Fig. 14 Flow chart of the DB screening pipeline.

The database screening uses a two step approach to identify similar compounds from public DBs (see Fig. 14). First, a preselection of possible matches are identified using Morgan fingerprints (see Fingerprint screening). Second, the preselection is ranked using a ensemble scoring function which includes the Tanimoto similarity score, a maximum common substructure-base score (see Combined score ranking) and a postsynthetic modifications score

Scaffold modification

scaffold_mod_01

Fig. 15 The predicted scaffolds can be modified before submission to the database screening, using the scaffold input button.

scaffold_mod_02

Fig. 16 The JSME editor allows all kinds of modifications of the predicted scaffold.

scaffold_mod_03

Fig. 17 Additional building blocks or postsynthetic modifications can be added to the original prediction.

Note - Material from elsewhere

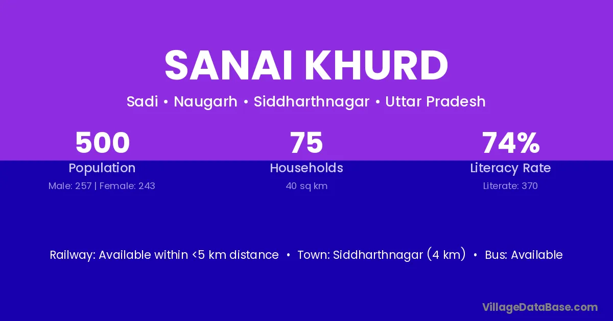 Siddharthnagar (4 km) is the nearest town to Sanai Khurd village for major economic activities and is located approximately 4 km away.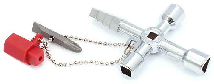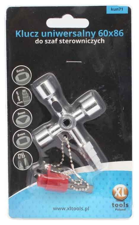 Kľúč univerzálny na rozvádzacie skrinky 60 x 86 mm, 4 rôzne koncovky, kovový, XL-TOOLS

The scaffold modification can be performed using the JSME Molecule Editor, a very powerful editor, which allows to add new molecules and modify the original prediction.

Custom DB input format

The custom DB choice allows to upload a file with user defined target molecules which can be screened additionally to the default DB choices. It is also possible to screen only a user-defined DB, just untick all the default DB choices before submission.

The format for the custom DB must be either SDF or SMILES format. Examples of both input types can be downloaded from the Scaffold upload page, at the bottom. These files simply contain a benzene and phenol structure which can be used to test the scaffold screening.

One simple way to understand the screening pipeline could be to download one of the example input files. And screen them for a custom drawn structure.

Fingerprint screening

The selected DBs are screened using molecular fingerprints (FP). For the screening the rdkit implementation of Morgan fingerprints are used (Morgan Fingerprints).

In many cases the scaffolds of PKs and NRPs contain the same building blocks multiple times. This property can not be accurately represented by bit fingerprints. Multiple identical building blocks set the same bits (and bits are only set ones), which leads to similar fingerprints for scaffolds with different amounts of identical building blocks. Therefore, the FPs are implemented as count vectors, which distinguish molecules also based on the amount of present bits.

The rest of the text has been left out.